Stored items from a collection
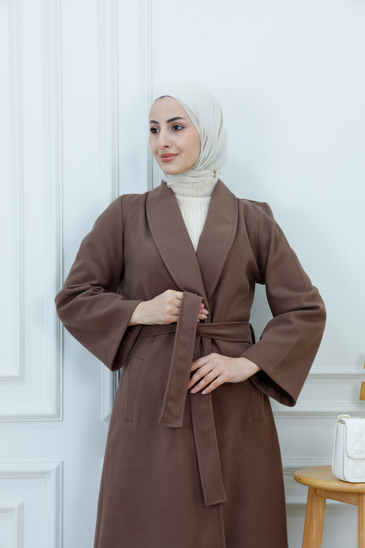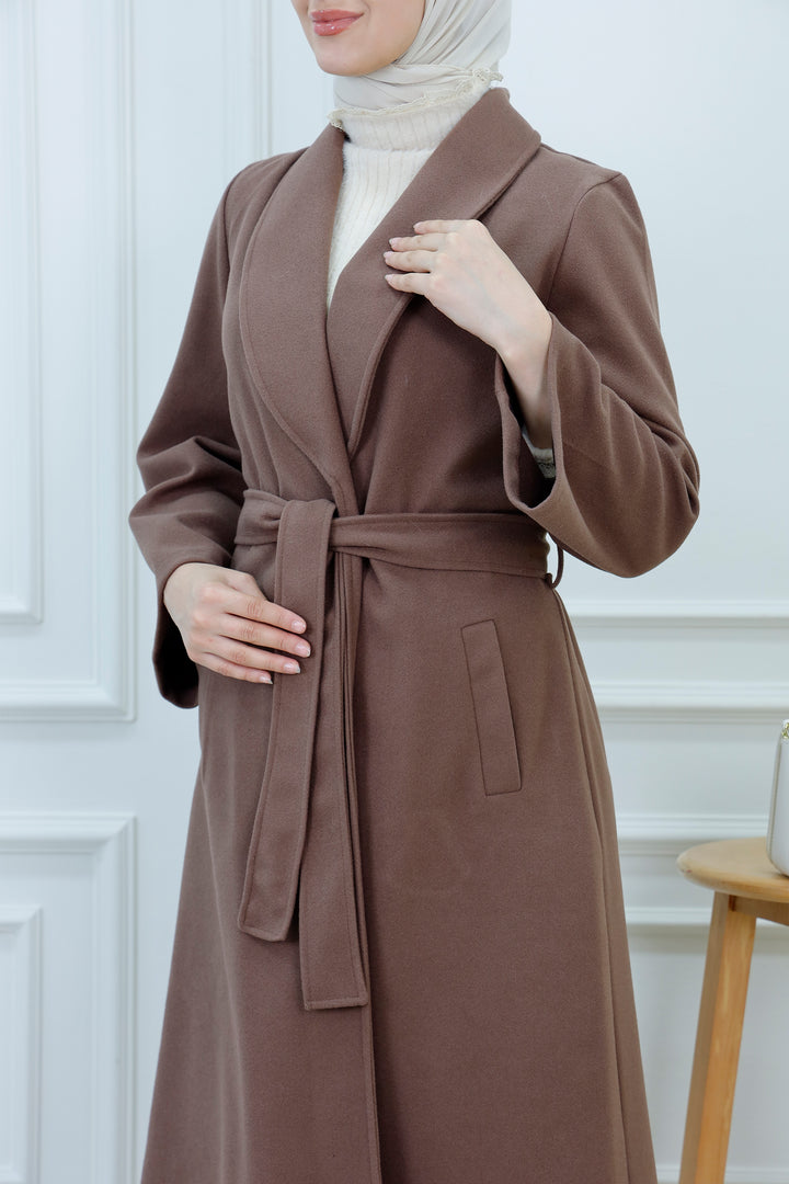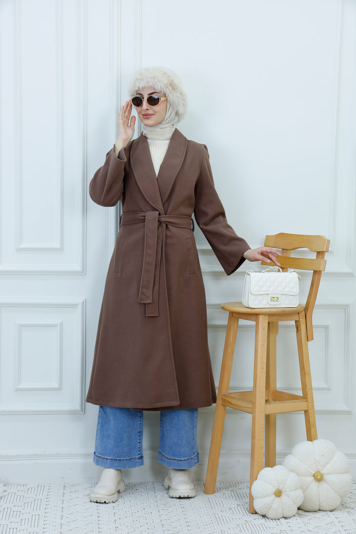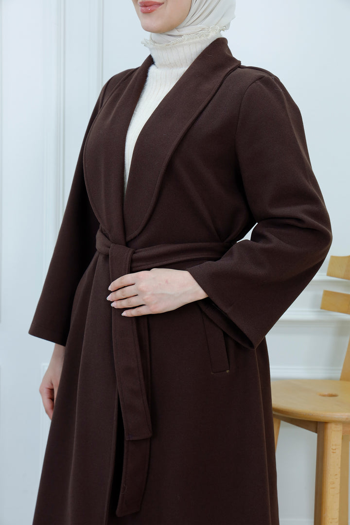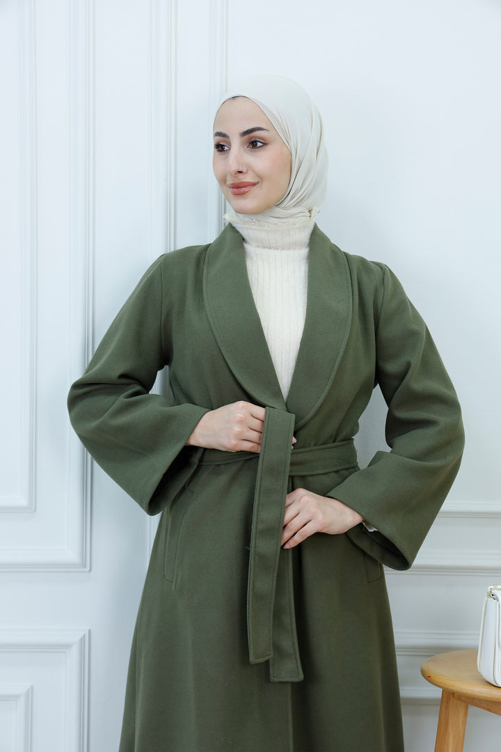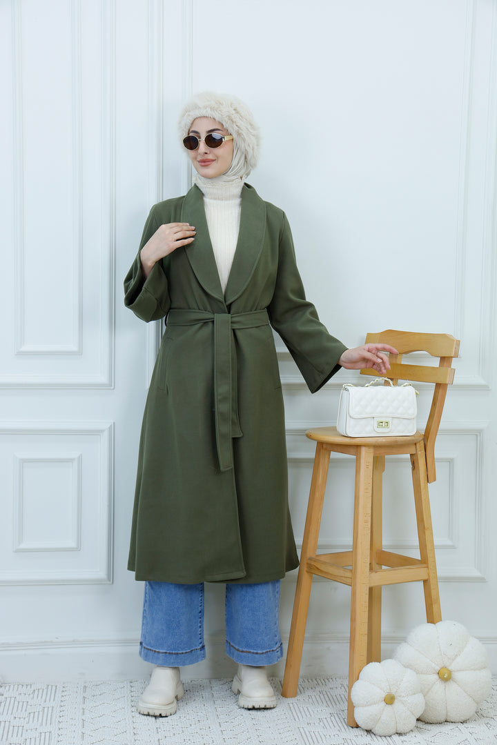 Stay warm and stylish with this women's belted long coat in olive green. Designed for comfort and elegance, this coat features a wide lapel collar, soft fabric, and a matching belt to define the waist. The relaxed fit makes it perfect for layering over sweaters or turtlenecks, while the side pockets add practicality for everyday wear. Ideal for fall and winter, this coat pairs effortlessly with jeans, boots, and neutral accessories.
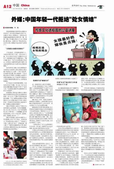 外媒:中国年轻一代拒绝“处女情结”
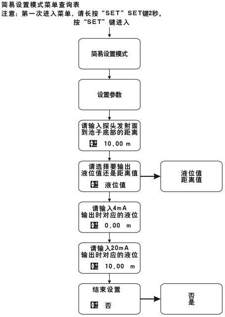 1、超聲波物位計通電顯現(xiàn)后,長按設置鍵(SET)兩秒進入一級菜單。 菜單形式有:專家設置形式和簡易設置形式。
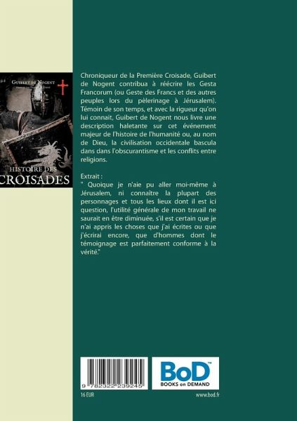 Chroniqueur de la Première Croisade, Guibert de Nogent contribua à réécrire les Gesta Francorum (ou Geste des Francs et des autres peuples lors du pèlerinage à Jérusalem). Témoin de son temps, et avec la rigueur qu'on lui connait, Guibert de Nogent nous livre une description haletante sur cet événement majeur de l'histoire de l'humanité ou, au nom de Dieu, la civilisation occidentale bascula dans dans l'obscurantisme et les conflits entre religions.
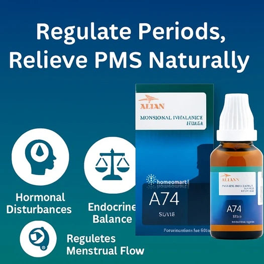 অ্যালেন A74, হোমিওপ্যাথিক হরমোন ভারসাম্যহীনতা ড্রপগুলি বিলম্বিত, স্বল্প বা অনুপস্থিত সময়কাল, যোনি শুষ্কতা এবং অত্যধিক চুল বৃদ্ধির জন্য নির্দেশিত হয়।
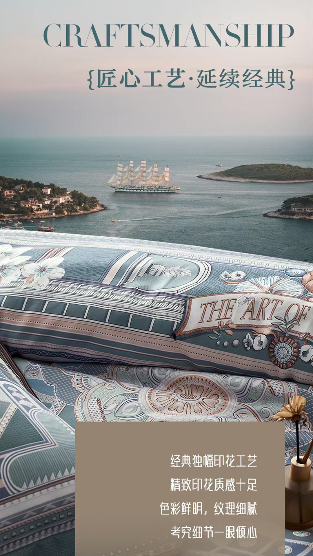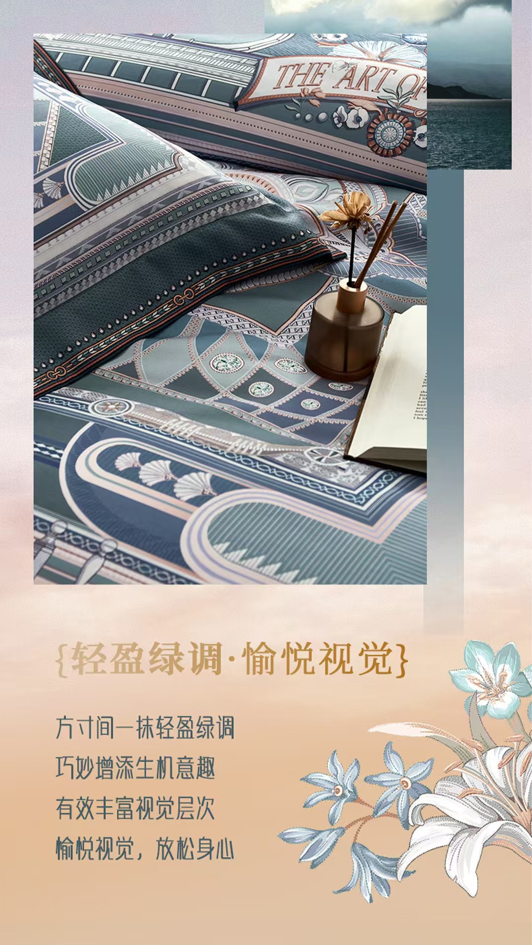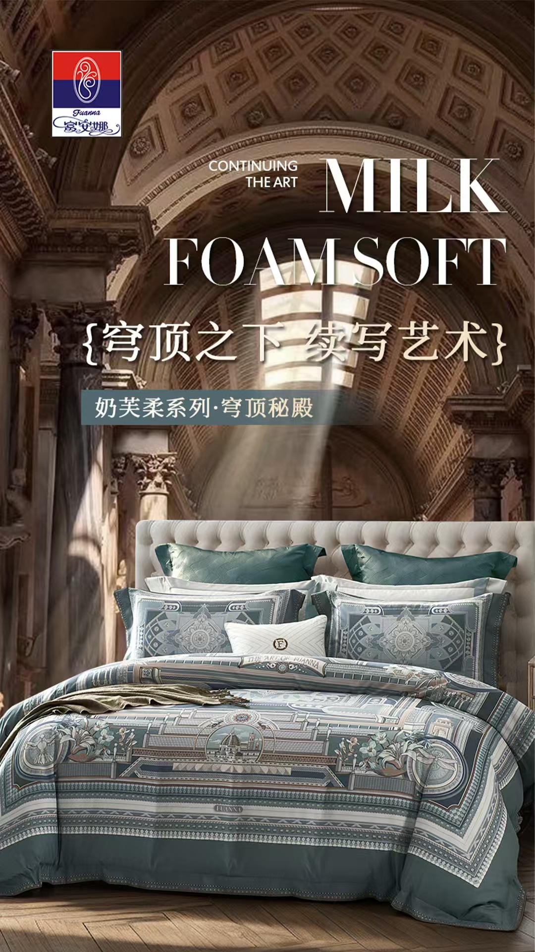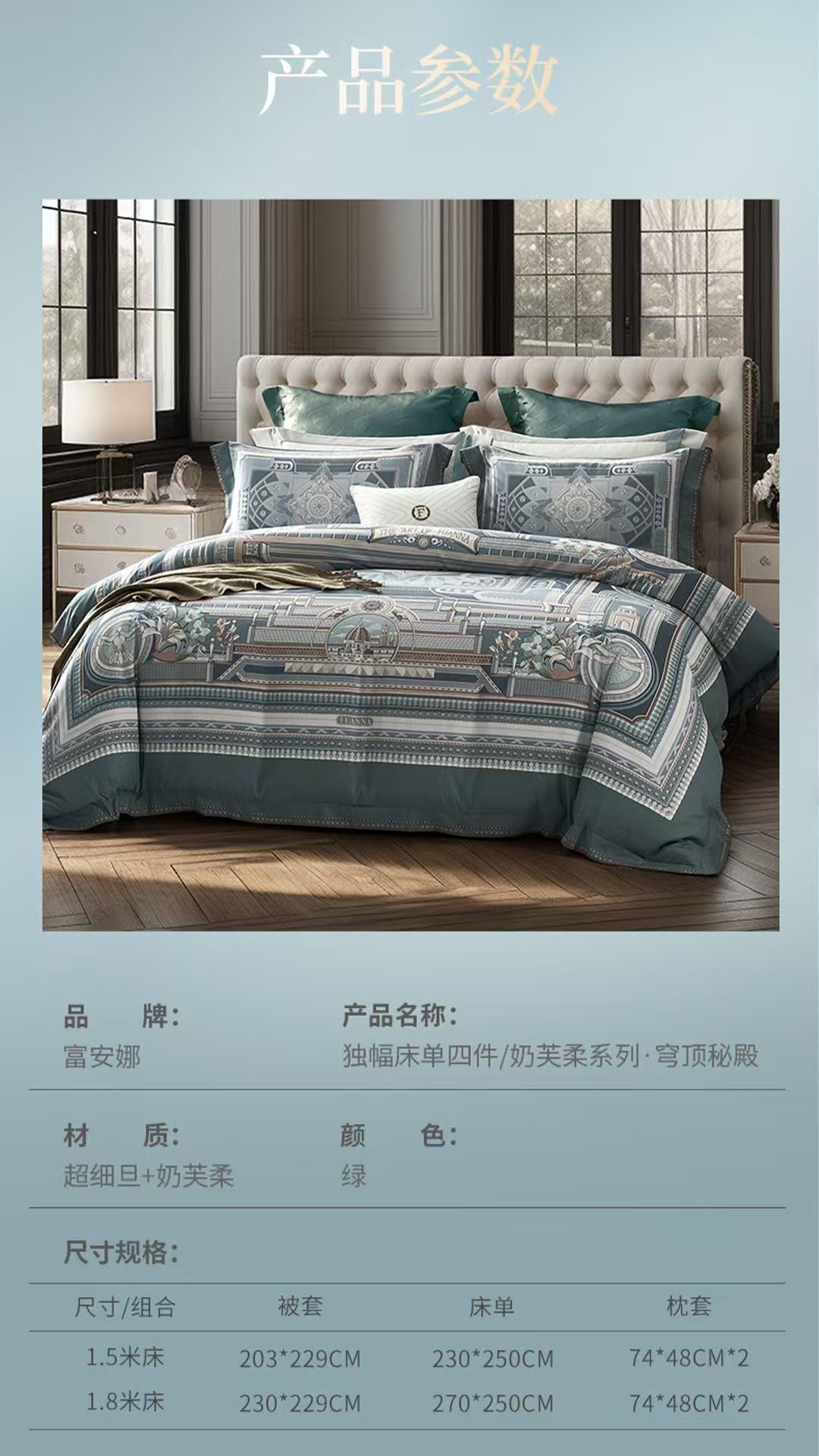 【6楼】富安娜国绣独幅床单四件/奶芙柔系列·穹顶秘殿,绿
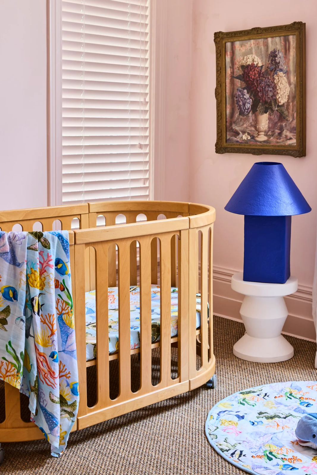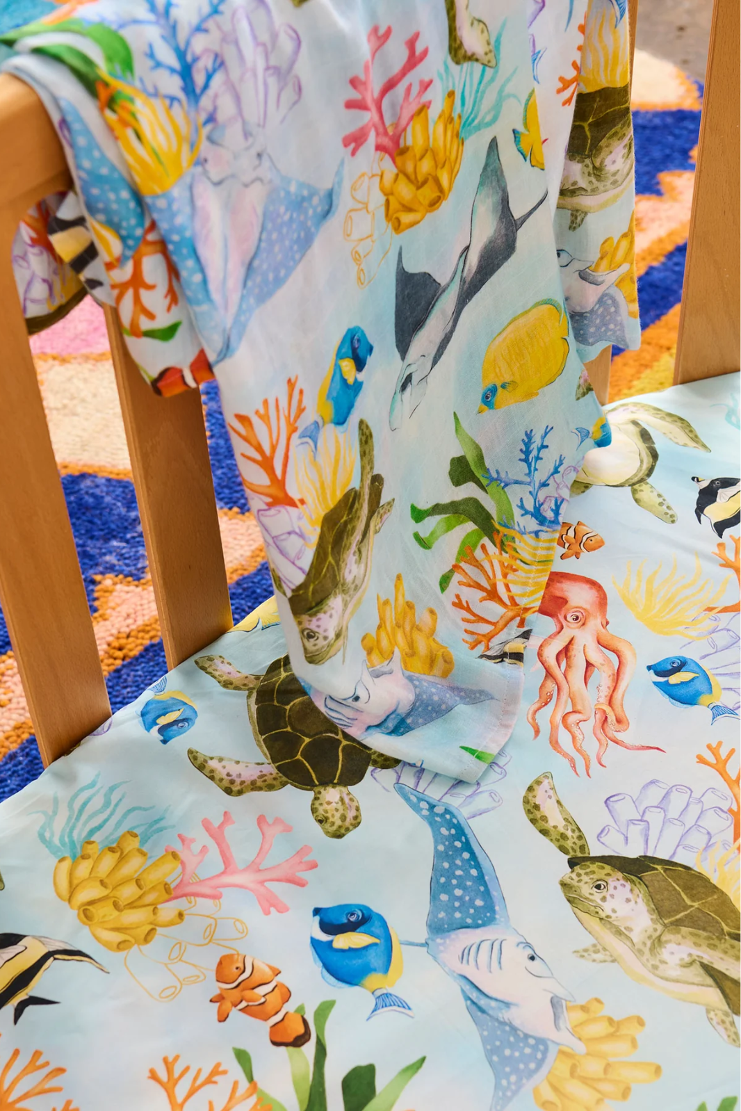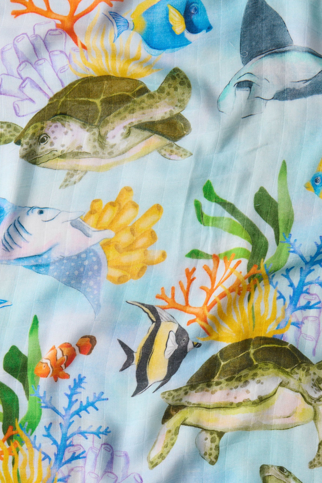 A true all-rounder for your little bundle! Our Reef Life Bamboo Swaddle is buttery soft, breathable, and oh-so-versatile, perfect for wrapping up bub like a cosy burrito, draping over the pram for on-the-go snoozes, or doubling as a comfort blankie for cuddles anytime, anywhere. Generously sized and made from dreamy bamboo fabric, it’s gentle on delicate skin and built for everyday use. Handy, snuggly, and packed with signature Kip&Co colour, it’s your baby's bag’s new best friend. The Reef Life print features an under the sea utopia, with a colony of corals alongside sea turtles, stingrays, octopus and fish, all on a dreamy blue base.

:: What is needed ::
Write out every entry exactly. Pictures do not belong in the copy.

:: Output for this exercise ::
 Stay warm and stylish with this women's belted long coat in olive green. Designed for comfort and elegance, this coat features a wide lapel collar, soft fabric, and a matching belt to define the waist. The relaxed fit makes it perfect for layering over sweaters or turtlenecks, while the side pockets add practicality for everyday wear. Ideal for fall and winter, this coat pairs effortlessly with jeans, boots, and neutral accessories.
 外媒:中国年轻一代拒绝“处女情结”
 1、超聲波物位計通電顯現(xiàn)后,長按設置鍵(SET)兩秒進入一級菜單。 菜單形式有:專家設置形式和簡易設置形式。
 Chroniqueur de la Première Croisade, Guibert de Nogent contribua à réécrire les Gesta Francorum (ou Geste des Francs et des autres peuples lors du pèlerinage à Jérusalem). Témoin de son temps, et avec la rigueur qu'on lui connait, Guibert de Nogent nous livre une description haletante sur cet événement majeur de l'histoire de l'humanité ou, au nom de Dieu, la civilisation occidentale bascula dans dans l'obscurantisme et les conflits entre religions.
 অ্যালেন A74, হোমিওপ্যাথিক হরমোন ভারসাম্যহীনতা ড্রপগুলি বিলম্বিত, স্বল্প বা অনুপস্থিত সময়কাল, যোনি শুষ্কতা এবং অত্যধিক চুল বৃদ্ধির জন্য নির্দেশিত হয়।
 【6楼】富安娜国绣独幅床单四件/奶芙柔系列·穹顶秘殿,绿
 A true all-rounder for your little bundle! Our Reef Life Bamboo Swaddle is buttery soft, breathable, and oh-so-versatile, perfect for wrapping up bub like a cosy burrito, draping over the pram for on-the-go snoozes, or doubling as a comfort blankie for cuddles anytime, anywhere. Generously sized and made from dreamy bamboo fabric, it’s gentle on delicate skin and built for everyday use. Handy, snuggly, and packed with signature Kip&Co colour, it’s your baby's bag’s new best friend. The Reef Life print features an under the sea utopia, with a colony of corals alongside sea turtles, stingrays, octopus and fish, all on a dreamy blue base.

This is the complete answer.